Lo sviluppo sociale a partire dai 12 anni dipende ancor più dal contesto in cui il ragazzo o la ragazza sono inseriti. Nelle situazioni di integrazione scolastica, come avviene per la totalità (sono ben poche le eccezioni) degli adolescenti italiani con la sindrome di Down il contesto classe è cruciale e una influenza fondamentale è data dall'atteggiamento degli insegnanti. Come ha evidenziato Vianello (1990), i compagni sono spesso "specchio" degli atteggiamenti dei propri insegnanti.

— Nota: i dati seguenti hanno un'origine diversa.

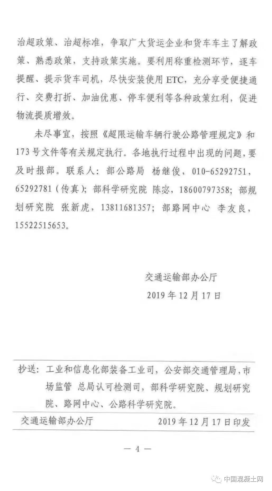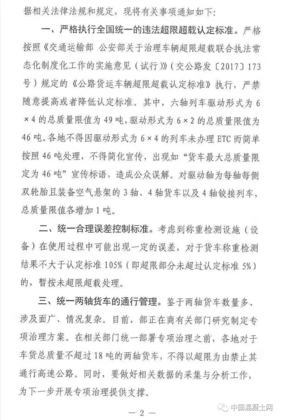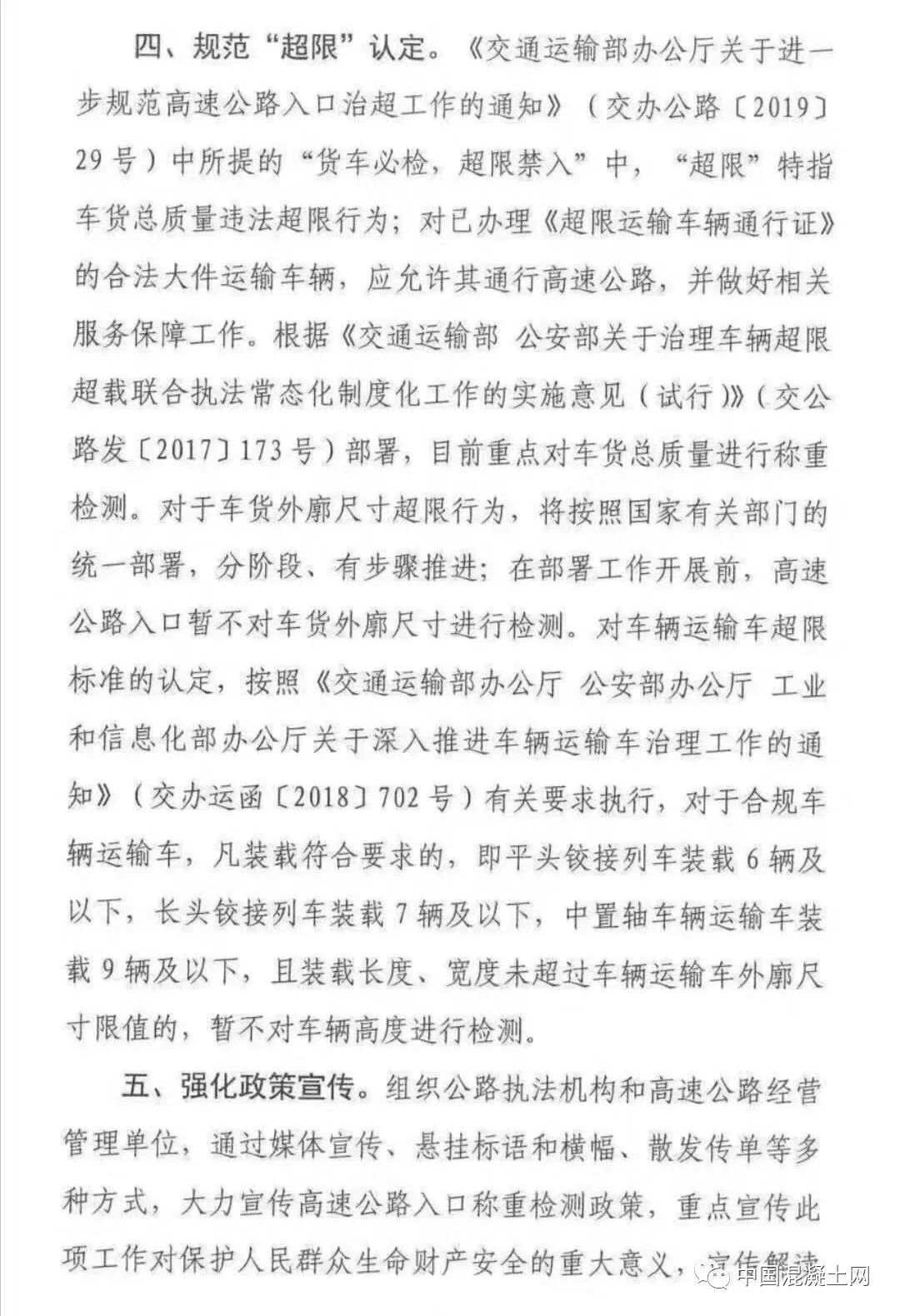严格按照《交通运输部 公安部关于治理车辆超限超开车联合执法常态化制度化工作的实施意见 (试行)》(交公路发【2017】173号)规定的《公路货运车辆超限超载认定标准》执行,严禁随意提高或者降低认定标准。其中,六轴列车驱动形式为6×4的总质量限值为49吨,驱动形式为6×2的总质量限值为46吨。各地不得因驱动形式为6×4人列车未办理ETC而简单按照46吨处理,不得简化宣传,出现如“货车最大总质量限定为46吨”宣传标语,造成公众误解。对驱动轴为每轴每则双轮胎且装备空气悬架的3轴、车轴货车以及4轴铰接列车总质量限值各增加1吨。考虑到称重检测设施(设备)在使用过程中可能出现一定的误差,对于货车称重检测结果不大于认定标准105%(即超限部分未直如过认定标准的5%)的,暂按未超限超载处理。鉴于两轴货车数量多、涉及面广、情况复杂。目前,部正在商有关部门研究制定专项治理方案。在相关部门统一部署专项治理之前,各地对于车货总质量不超过18吨的两轴货车,不得以超限为由禁止其通行高速公路。同时,要做好相关数据的采集与分析工作,为下一步开展专项治理提供支撑。《交通运输部办公室厅关于进一步规范高速公路入口治超工作的通知》(交办公路【2019】29号)中所提的“货车必检,超限禁入”中,“超限”特指车货总质量违法超限行为;对已办理《超限运输车辆通行证》的合法大件运输致车辆,应允许其通行高速公路,并做好相关服务保障工作。根据《交通运输部 公安部关于治理车辆超限超载联合执法常态化制度化工作的实施意见(试行)》(交公路发【2017】173号)部署,目前重点对车货总质量进行称重检测。对于车货外廓尺寸超限行为,将按照国家有关部门的统一部署,分阶段、有步骤推进;在部署工作开展前,高速公路入口暂不对车货外廓尺寸进行检测。对车辆运输超限标准的认定,按照《交通运输 部办公室厅 公安部办公室厅 工业和信息化部办公室厅关于深入推进车辆运输车治理工作的通知》(交办运【2018】702号)有关要求执行,对于合规车辆运输车,凡装载符合要求的,即平头铰接列车装载6辆及以下,长头铰接列车装载7辆及以下,中置轴车辆运输车装载9辆及以下,且装载长度、宽度未超过车辆运输车外廓尺寸限值的,暂不对车辆高度进行检测。组织公路执法机构和高速公路经营管理单位,通过媒体宣传、悬挂标语和横幅、散发传单等多种方式,大力宣传高速公路入口称重检测政策,重点宣传此项工作对保护 人民群众生命财产安全的重大意义 ,宣传解读治超政策、治超标准,争取广大货运企业和货车车主了解政策、熟悉政策,支持政策实施。要利用称重检测环节,逐车提醒、提示货车司机,尽快安装ETC,充分享受便捷通行、交费打折、加油优惠、车便利等各种政策红利,促进物流提质增效。未尽事宜,按照《超限运输车辆行驶公路管理规定》和173号文件等有关规定执行。各地执行过程中出现的要及时报部。全国物流标准非常混乱,地方标准与国家标准经常“打架”,导致全国物流司机苦不堪言,而此次交通厅像各省运输厅发布特急文件通知,剑指就是统一运输车辆载重的标准,令运输行业向制度化,规范化过渡。同时从根源上彻底清除“乱收费”现象,并发布问题反映电话:

Finita la scuola, dove vengono inseriti i giovani adulti con sindrome di Down? Restano in famiglia? Vanno in un laboratorio protetto (molte sono le dizioni utilizzate al proposito, ma con questa espressione ci si riferisce ad una realtà caratterizzata dalla presenza di varie persone in situazione di handicap e vari educatori presenti in una struttura finanziata soprattutto od esclusivamente da istituzioni pubbliche, in cui si svolgono attività "lavorative" scarsamente produttive, anche se utili dal punto di vista educativo)? Vengono inseriti in una comunità alloggio? Lavorano in una cooperativa? Sono inseriti in un contesto lavorativo (in una bottega artigianale o in una scuola come personale ausiliario o in una fabbrica) in cui non vi sono altre persone in situazione di handicap (o comunque in un numero estremamente ridotto)? Ogni inserimento condiziona in modo specifico lo sviluppo sociale. Secondo Vianello, 1990, si può ipotizzare che più l'inserimento si differenzia dalla scuola speciale o dal laboratorio protetto e minori tendono ad essere i rischi di comportamenti disadattivi e psicopatologici. Specificamente minori sono i rischi di depressione (mutismo o quasi, apatia, passività).

Lo sviluppo cognitivo

La sindrome comporta ritardo di diversa intensità nella grandissima maggioranza degli individui. In termini di Quoziente Intellettuale (QI) non sono facili indicazioni generali, anche perché esso cambia con il progredire dell'età, nel senso che tende a diminuire. Se prendiamo come punto di riferimento i 10-12 anni la maggioranza dei bambini con sindrome di Down si colloca fra 30 e 55 punti di QI.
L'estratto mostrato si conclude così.